The primary audience would seem to be academics, including undergrads, and designers or people
interested in design. It’s not too technical (I almost wish it was slightly more technical and a primer on
typography) and fits a wide audience.

It’s not just relevance to the course because it talks about typeface, the sort of strategy and analysis
present in the movie is useful for judging all types of art, especially things in the business world, which is
the focus of this course. Some of the things I’m interested in, like the history of moments effecting the
evolution of typeface are not as immidiately relavant. Anyway I think the film promotes a conscious and
analytic mindset that we can always use in graphic design. I think the film could do a better job pointing
out that there are different Helvetica fonts within the Helvetica typeface, bold or light or italic Helvetica
works differently than regular.

Type carries meaning, whether you are aware of how you perceive it or not. I think that’s part of why
typeography does so much work, because it relies on connotations or cultural assumptions we all feel,
generally tacitly or unconsciously. That type affects one’s emotions and behavior is only the surface, its
important because it affects you whether you stop to think about it or not.

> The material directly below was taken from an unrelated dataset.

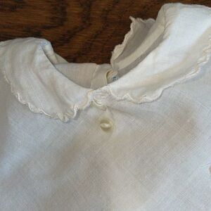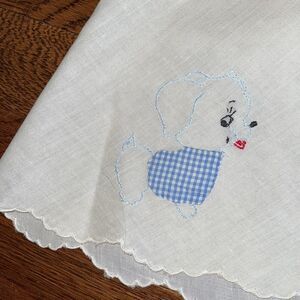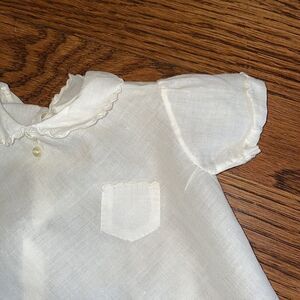 Vintage 60s white cotton lawn infant girl top with embroidered light blue dog on front and scalloped collar, hem, cuffs & pocket

I’m interested in how humanism, modernism, postmodern, and other such movements are behind the
history of the evolution of typefaces. I’ve looked some at these movements from a literary perspective,
but not from a visual arts perspective. The movie hints at it, but its not really in the scope of the movie
to make things very obvious.

I do think that the “neutralism” of Helvetica is in an important way impossible. The connotation of
“neutral” itself is a carried meaning, not to mention authoritative, fair, ubiquitous, functional, etc. I
don’t think any typeface can be a crystal goblet that does not contribute meaning to the language it
expresses. Instead the strength of Helvetica is that its versatile in being appropriate for a huge amount
of uses and contexts that are useful today.